Он брел по улице, и ноги, преодолевая сокращенность мышц, на минуту выводили его из оцепенения. Тогда мысли обретали течение, близкое к равнинному. Он вспоминал осенний бал и Ирину у шведской стенки с кленовым листом в руке. Почему он не подошел к ней тогда? Может быть, все было бы по-иному. В жизни надо срываться.
День уходил, таял. Последние мгновения остывали на пустующих тротуарах. На цветные осенние образы ложились ночные, черно-белые.
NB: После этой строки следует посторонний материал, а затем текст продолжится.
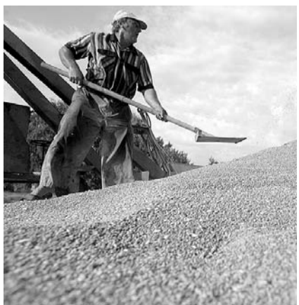
НА ФОТО: УРОЖАЙ СОБРАН

ли, 11 числа буквально всем отрядом туда съездили. В этом году показатели нормальные. Урожайность получилась 6,1 центнера. Если сравнить с прошлогодним урожаем, то мы превысили показатели. Очень важно, что мы успели закончить уборку до начала дождей. Сейчас комбайны стоят дома. По реализации могу сказать лишь то, что закупочная цена сейчас реальная, не жалуюсь.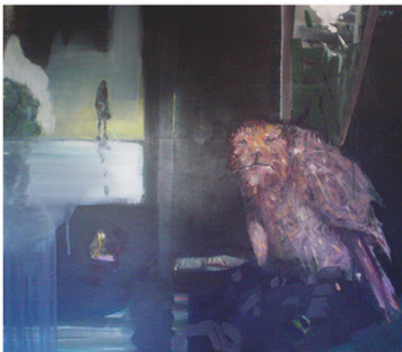
Gregor Lanz, 'Ohne Titel' 66x90 cm, Öl auf Leinwand, 2019 (Ausschnitt)

SCHLÖSSCHEN VORDER-BLEICHENBERG BIBERIST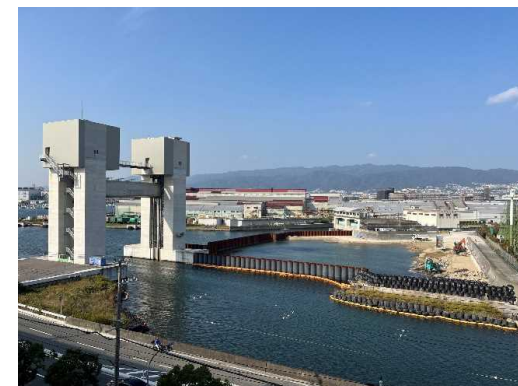
新・新川水門、新川・東川統合排水機場

Все вокруг обнималось темнотой и бесконечной жаждой повторенья.
Он брел по мокрым улицам и затаптывал одинокие звезды в галактики, отстоящие на сотни световых лет. Он навязывал себя скамейкам и аллеям, ничего не помнящим. И не мог избавиться от мысли, что Ирина в нем неизлечима. Она будет затихать и воспаляться снова в маленькой замкнутости, имя которой произносит каждый сигнал наезжающих сзади машин, каждая капля дождя. Ему казалось, за ним кто-то идет. Босиком по снегу. Он оборачивался и не мог с достаточной уверенностью отнести это ни к прошлому, ни к будущему. Он принимался вспоминать, а получалось, что ждет, но стоило ему помечтать, как все тут же обращалось памятью.
Над городом и чуть поодаль вставали зори, похожие на правдивые рассказы о любви. Друзья, вернувшись из тайги вслед за ним, привезли несколько конвертов с пометкой: адресат выбыл. Даже письма, свершив слалом долгой дороги в два конца, вернулись на круги своя.